In this regard, of particular interest is the analysis by Adamos and Nathanail (2016) [44], in which they make a comparison of the experimental, quasi-experimental and non-experimental (or observational) methods. Their conclusion is clear: the pre–post design is the one that demonstrates better predictability. They add that the more constructs are included as independent variables, predictability values become more reliable, with the “intention” factor being the one best at predicting the change in user behavior.

4.3. Practical Implications of the Study

This review is a first evaluation of the strategies used in measuring the effectiveness of traffic communication campaigns. It brings together research from around the world with the purpose of determining the best way to evaluate such campaigns. The scarcity of studies and the variability of results highlight the need to continue this line of research in future traffic campaigns. This is the only way to understand what factors are key for an advertisement to change risk behavior, thus establishing certain guidelines and strategies to improve communication with users through social media.

5. Conclusions

The results of this systematic review point to the problematic paucity of literature on the formal evaluation of communication campaigns in the traffic and road safety sector. This means that there is little information on the effectiveness of campaigns in isolation. Evaluation is especially important to detect which commonly used strategies and practices are ineffective. Hopefully, as evaluations become more common in this sector, there will also be developments so that new methods of behavior modification will come into play instead of continuing to use techniques that have not yet proven to be effective [18]. Therefore, the knowledge provided by the existing evaluations collected in this systematic review, as well as those that will be conducted in the coming years, will provide data of interest for the design and development of future traffic and road safety communication campaigns.

Author Contributions

For this study, F.A. and M.F. conceived and designed the research, and performed the data collection; S.A.U. and M.F. analyzed the data; C.F. and S.A.U. contributed with reagents/materials/analysis tools; M.F. and S.A.U. wrote and revised the paper. All authors have read and agreed to the published version of the manuscript.

Funding

This work was supported by the research grant ACIF/2020/035 (MF) from “Generalitat Valenciana”. Funding entities did not contribute to the study design or data collection, analysis, interpretation, or in writing the manuscript.
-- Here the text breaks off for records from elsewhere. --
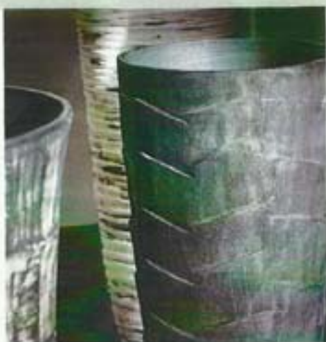
TEXTURAS: las piezas de cerámica de Carme Balada denotan que la naturaleza es una importante fuente de inspiración para la creadora barcelonesa.
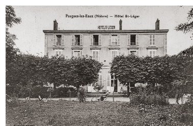
Façade après l'ajout d'un second étage carré. Autr. auteur inconnu IVR26_20195800768NUC4A
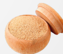
LEVURE DE BIÈRE
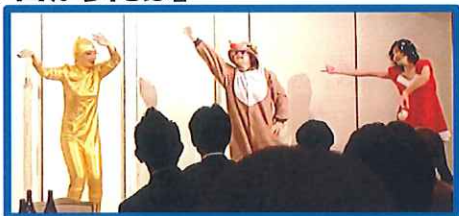
パプリカと愉快的仲間達
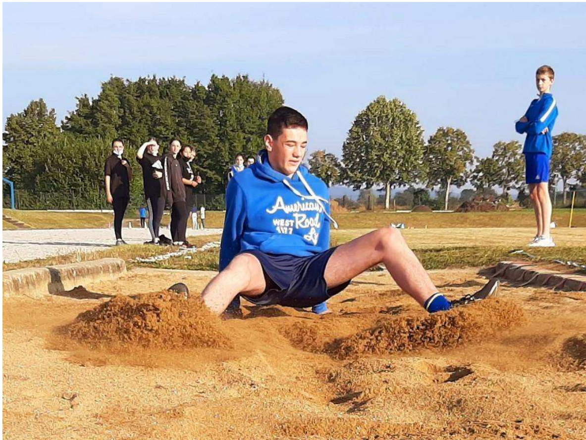
Belle prestation de saut en longueur.

Les compétences sollicitées préparent ainsi ces futurs étudiants à ce qui les attend l'an prochain. Le sport scolaire est formateur.
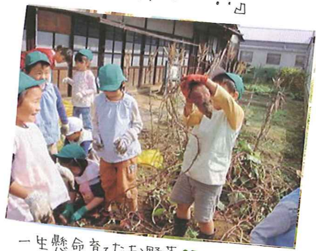
一生懸命育てたお野菜🌱 収穫の喜びを知る子ども達です♪
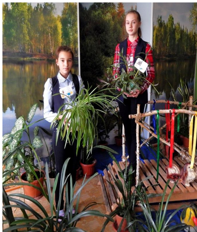
Оборудование «зимнего сада»
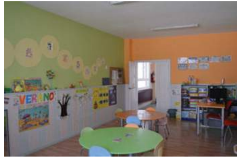
Escuela infantil de Cantavieja.

El Ayuntamiento de Cantavieja atiende las peticiones de las familias de los niños y niñas que asisten a la escuela infantil municipal.
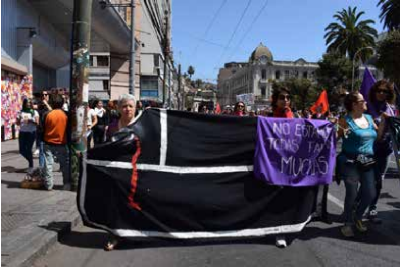
Imagen 6: “No estamos todas, faltan muchas” (08 de marzo de 2020, Valparaíso).

Sin embargo, nos llama la atención que no se reclame por el Estado de Emergencia, ni por el toque de queda presente en Chile hasta octubre de 2021 bajo el argumento de la pandemia, o contra el discurso de la guerra promovido por el propio presidente de la República tras el Estallido Social.
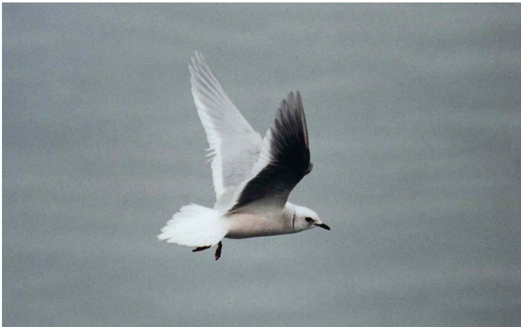
86 Ross's Gull / Ross' Meeuw Rhodostethia rosea , Plym Estuary, Devon, England, March 2002
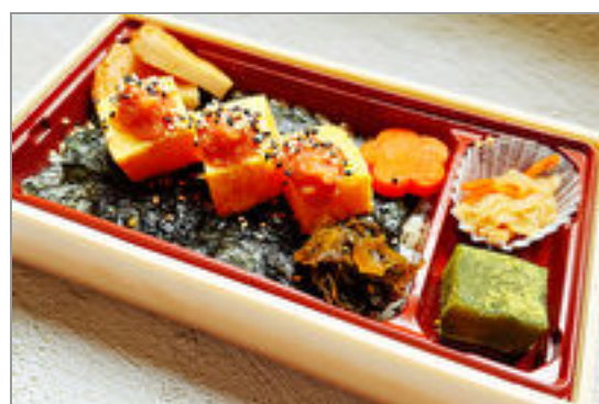
博多明太だし巻き弁当

商品によっては、注文条件やオプション・サービス等がございますので、詳しくは WEB でご確認ください。
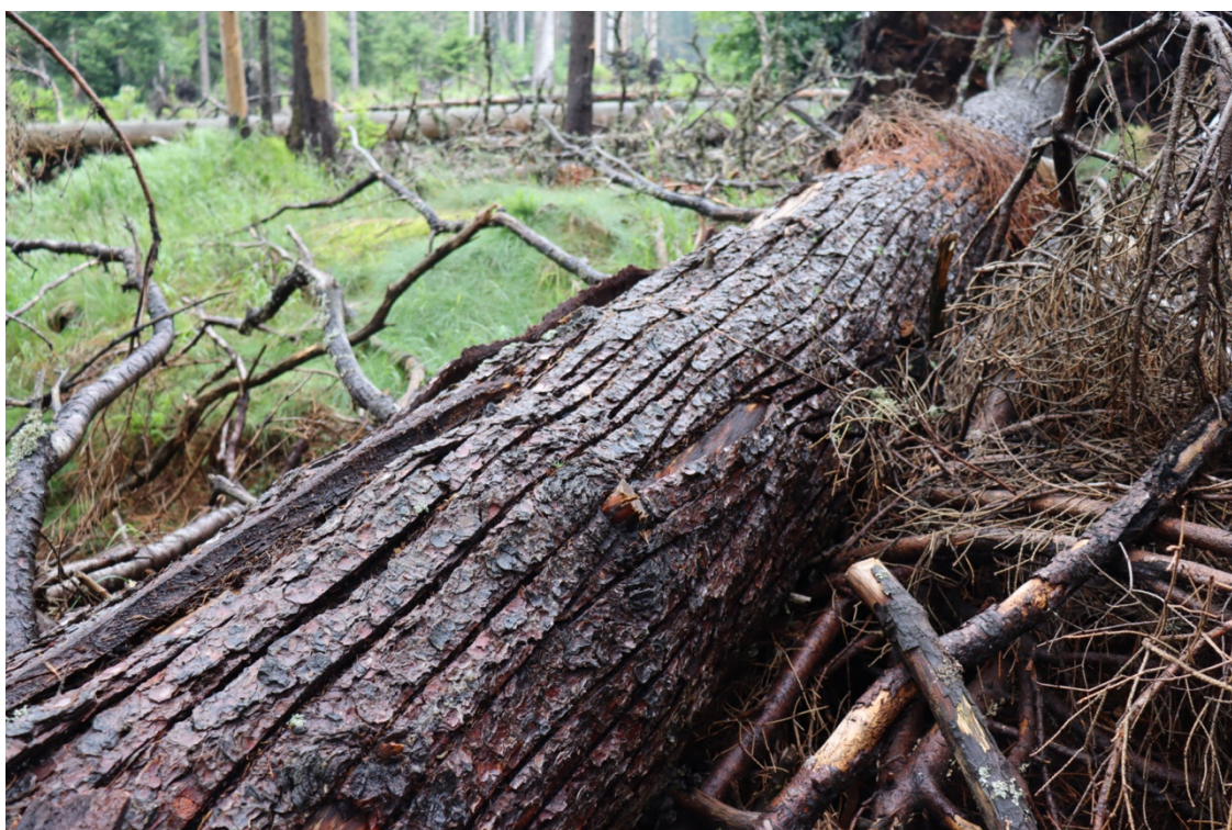
Obrázek 3: Neodvětvený vývrát asanovaný drážkováním

počtu otvorů vytvořených strakapoudy. Ve výsledku lze odkorňováním dosáhnout podobné biologické rozmanitosti jako u neošetřených stromů (Thorn et al. 2016).
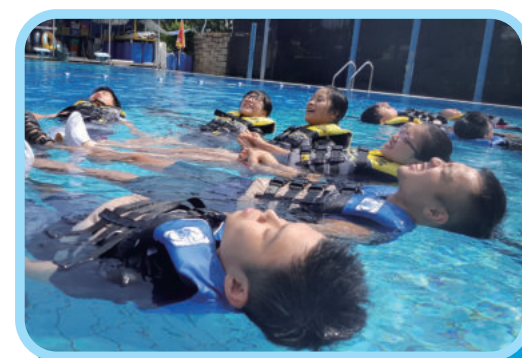
Super Hero Camp_水上歷奇活動
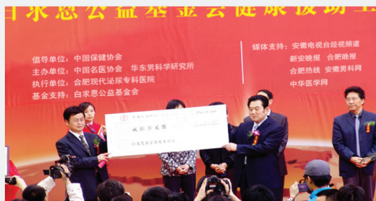
白求恩公益基金会为本次活动提供援助基金

泰斗国庆期间来院坐诊，并为患者和三甲专家之间开通便捷通道，开展“一对一私密问诊”等服务。本次活动还得到了白求恩公益基金会的鼎力支持，用于援助本次惠民活动的开展。
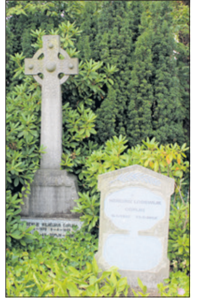
Vlakbij de spoorlijn staat een Ierse grafsteen in de vorm van een Keltisch kruis.
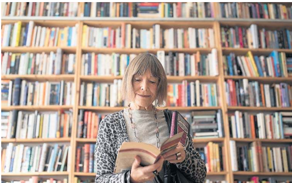
Osoby, które czytają, dłużej cieszą się sprawnością umysłową

Jedno z ciekawszych badań dotyczących czytania na przepro-

Institutional Review Board Statement

The study was conducted according to the guidelines of the Declaration of Helsinki, and approved by the Institutional Review Board (or Ethics Committee) of the Research Institute on Traffic and Road Safety (IRB number: HE0002020621, from 2 July 2021).

Informed Consent Statement

Not applicable.

Data Availability Statement

The data will be available upon reasonable request to the corresponding author.

Acknowledgments

The authors wish to thank Víctor Palacio and Mayte Duce for the revisions and to Arash Javadinejad (licensed translator) for the professional edition of the final version of the manuscript.

Conflicts of Interest

The authors declare no conflict of interest.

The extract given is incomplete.